Hi @robscott, if you have updated the alpha criteria then you do need this enhancement tracked for 1.29. If you intend to just address bug fixes in this release, this does not need to be tracked by the enhancements team for 1.29.

For the enhancement team to track this KEP we need a couple minor updates:

Let me know if you have any further questions. Thanks!

robscott commented 1 year ago

Thanks for catching that @npolshakova! I've filed https://github.com/kubernetes/enhancements/pull/4284 to update the KEP metadata here. I don't think I can remove the stable milestone from this issue, but we did not intend to target stable in this release, sorry for the confusion.

robscott commented 1 year ago

@npolshakova are you able to update the labels on this issue now that #4284 has merged?
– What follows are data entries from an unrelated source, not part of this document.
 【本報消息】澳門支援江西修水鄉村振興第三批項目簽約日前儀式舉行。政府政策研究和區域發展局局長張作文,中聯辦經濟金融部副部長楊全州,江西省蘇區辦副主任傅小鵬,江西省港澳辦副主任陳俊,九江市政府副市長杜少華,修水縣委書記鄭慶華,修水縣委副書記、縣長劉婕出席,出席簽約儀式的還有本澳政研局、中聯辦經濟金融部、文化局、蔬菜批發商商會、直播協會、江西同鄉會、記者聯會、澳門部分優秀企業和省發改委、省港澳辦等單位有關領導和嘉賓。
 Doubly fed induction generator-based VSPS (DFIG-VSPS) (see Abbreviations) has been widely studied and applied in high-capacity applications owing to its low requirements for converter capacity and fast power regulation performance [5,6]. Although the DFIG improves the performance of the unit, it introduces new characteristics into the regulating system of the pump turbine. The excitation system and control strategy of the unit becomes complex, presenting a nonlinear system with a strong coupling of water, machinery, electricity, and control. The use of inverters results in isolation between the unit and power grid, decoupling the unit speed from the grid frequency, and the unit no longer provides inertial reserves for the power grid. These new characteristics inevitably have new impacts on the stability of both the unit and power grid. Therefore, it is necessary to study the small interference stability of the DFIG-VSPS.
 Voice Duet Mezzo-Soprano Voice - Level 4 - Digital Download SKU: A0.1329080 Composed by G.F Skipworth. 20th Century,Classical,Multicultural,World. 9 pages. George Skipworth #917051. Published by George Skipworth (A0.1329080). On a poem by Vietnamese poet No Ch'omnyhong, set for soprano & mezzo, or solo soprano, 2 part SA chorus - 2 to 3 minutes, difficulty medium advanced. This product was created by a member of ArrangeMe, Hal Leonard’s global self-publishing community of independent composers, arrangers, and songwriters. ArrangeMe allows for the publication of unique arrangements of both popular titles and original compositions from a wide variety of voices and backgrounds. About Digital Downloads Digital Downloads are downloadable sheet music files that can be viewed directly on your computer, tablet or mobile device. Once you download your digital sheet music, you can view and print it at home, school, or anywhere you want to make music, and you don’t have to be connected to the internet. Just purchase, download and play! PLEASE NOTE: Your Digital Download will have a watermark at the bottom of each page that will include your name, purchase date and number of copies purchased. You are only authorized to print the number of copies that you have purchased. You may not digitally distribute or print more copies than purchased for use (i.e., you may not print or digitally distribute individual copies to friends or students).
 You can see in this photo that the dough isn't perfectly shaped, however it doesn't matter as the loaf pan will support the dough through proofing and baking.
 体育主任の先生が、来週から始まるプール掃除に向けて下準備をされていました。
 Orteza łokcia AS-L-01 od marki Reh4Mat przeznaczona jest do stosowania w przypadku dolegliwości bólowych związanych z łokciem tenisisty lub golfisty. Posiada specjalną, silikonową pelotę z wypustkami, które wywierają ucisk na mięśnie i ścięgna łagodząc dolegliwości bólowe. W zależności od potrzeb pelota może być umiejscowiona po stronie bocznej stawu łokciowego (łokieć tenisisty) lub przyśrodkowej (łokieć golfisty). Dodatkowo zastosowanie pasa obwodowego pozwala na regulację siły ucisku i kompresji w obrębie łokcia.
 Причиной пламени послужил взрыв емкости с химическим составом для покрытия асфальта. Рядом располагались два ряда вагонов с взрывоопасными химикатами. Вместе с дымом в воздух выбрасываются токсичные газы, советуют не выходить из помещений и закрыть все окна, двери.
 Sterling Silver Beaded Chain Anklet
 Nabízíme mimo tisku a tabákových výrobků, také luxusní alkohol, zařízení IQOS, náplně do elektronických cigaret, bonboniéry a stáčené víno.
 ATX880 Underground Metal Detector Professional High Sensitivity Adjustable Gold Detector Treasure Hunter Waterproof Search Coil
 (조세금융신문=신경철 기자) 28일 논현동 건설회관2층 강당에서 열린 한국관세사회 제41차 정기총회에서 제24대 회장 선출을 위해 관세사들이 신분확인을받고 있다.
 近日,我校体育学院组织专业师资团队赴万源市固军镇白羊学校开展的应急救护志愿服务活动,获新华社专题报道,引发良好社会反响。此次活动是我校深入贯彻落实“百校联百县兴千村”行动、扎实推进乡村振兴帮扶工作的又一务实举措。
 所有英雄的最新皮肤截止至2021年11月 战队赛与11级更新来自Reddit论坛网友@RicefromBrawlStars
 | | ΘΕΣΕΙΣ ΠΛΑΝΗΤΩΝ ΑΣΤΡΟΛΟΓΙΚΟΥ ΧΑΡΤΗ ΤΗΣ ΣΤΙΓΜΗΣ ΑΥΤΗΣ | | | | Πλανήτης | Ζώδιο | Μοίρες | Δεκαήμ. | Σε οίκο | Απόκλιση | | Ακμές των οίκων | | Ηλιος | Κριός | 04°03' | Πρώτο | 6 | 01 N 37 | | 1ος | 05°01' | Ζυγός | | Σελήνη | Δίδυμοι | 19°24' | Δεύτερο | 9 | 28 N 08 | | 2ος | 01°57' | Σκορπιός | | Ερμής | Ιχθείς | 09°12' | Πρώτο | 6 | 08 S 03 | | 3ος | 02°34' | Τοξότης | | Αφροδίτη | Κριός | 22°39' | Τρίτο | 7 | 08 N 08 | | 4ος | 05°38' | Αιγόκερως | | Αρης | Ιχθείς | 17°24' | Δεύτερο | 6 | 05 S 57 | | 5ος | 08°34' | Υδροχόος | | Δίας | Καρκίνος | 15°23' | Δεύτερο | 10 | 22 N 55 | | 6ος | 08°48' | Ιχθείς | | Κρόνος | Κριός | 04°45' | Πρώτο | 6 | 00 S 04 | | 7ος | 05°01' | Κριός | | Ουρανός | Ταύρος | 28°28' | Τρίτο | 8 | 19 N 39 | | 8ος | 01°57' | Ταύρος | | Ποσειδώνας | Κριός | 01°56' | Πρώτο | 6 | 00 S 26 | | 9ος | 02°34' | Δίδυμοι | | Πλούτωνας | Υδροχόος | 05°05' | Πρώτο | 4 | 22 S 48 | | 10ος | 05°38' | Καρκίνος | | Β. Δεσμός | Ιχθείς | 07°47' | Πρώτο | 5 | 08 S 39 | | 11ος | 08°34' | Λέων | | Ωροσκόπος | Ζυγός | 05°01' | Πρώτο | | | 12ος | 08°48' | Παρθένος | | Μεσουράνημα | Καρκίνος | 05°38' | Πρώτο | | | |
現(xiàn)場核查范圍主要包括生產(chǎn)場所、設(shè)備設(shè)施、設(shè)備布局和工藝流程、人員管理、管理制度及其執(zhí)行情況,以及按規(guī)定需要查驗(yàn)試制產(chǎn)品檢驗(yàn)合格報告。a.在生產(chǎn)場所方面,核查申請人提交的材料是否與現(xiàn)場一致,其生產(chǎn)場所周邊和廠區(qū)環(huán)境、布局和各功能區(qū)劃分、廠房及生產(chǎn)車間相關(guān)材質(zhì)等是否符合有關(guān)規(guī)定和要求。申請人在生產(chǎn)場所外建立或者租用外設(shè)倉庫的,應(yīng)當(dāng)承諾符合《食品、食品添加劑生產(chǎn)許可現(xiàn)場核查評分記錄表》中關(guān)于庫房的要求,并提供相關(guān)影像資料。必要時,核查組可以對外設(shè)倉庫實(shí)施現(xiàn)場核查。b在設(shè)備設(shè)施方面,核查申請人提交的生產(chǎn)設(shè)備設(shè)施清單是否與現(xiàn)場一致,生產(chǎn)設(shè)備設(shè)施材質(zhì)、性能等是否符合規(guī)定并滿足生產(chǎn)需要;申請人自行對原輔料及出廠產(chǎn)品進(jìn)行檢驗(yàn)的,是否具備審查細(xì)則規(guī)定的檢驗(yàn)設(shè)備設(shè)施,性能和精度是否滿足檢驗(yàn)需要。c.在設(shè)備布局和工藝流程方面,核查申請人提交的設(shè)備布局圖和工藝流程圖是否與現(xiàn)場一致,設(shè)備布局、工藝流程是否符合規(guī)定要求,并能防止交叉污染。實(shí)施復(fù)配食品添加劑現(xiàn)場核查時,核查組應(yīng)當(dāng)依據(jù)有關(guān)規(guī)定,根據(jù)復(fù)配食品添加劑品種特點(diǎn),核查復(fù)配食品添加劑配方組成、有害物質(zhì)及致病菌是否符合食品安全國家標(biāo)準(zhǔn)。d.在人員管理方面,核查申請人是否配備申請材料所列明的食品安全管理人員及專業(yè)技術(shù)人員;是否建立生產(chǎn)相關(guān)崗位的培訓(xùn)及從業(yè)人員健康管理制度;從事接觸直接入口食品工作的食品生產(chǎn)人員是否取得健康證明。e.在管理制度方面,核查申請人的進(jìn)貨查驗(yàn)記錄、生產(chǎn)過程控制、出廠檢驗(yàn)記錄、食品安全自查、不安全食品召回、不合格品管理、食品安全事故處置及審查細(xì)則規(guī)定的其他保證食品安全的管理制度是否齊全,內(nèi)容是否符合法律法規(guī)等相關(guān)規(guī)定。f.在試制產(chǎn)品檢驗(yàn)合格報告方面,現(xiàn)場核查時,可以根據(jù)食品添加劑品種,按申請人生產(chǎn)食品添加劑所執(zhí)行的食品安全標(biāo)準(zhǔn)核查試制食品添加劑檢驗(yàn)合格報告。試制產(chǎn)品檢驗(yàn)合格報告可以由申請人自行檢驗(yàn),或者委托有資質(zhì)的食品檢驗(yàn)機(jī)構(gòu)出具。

Anything else I'm missing?

salehsedghpour commented 10 months ago

/remove-label lead-opted-in

jonathon2nd commented 7 months ago

Checked in to see if there has been any update to allow for previous behavior.

Based of what I see here and the various other PR's and issues, it looks like a no?

Adding image as https://kubernetes.io/docs/concepts/services-networking/service-topology/ has been deleted. image

aojea commented 7 months ago

Checked in to see if there has been any update to allow for previous behavior.

see https://github.com/kubernetes/enhancements/tree/master/keps/sig-network/4444-service-routing-preference

thockin commented 6 months ago

@robscott what's the GA pln for this?

robscott commented 6 months ago

@robscott what's the GA pln for this?

The outcome here is closely tied to #4444, as it's a natural evolution of part of this KEP.

This KEP (#2433) essentially bundled two things together - the EndpointSlice hints field and a Service-level annotation that could be used to automatically populate hints with a rather confusing heuristic.

4444 continues to use the hints field, but adds a new trafficDistribution field and a simpler heuristic instead of the annotation and confusing heuristic. Maybe this table is a better summary:

#2433 #4444
Hints Defined in this KEP Relied on by this KEP
Opt-In service.kubernetes.io/topology-mode Annotation trafficDistribution Field
Heuristic Complicated Simple

My recommendation would be to keep the hints field defined in #2433 and the trafficDistribution field and simpler heuristic from #4444.

If we're good with that plan, I think that when #4444 graduates to beta (likely v1.31) we should formally deprecate the annotation and corresponding heuristic defined by this KEP. Then we can work to graduate #2433 to GA as a hints-only KEP and #4444 to GA as a KEP covering the trafficDistribution field and simple heuristic.

/cc @gauravkghildiyal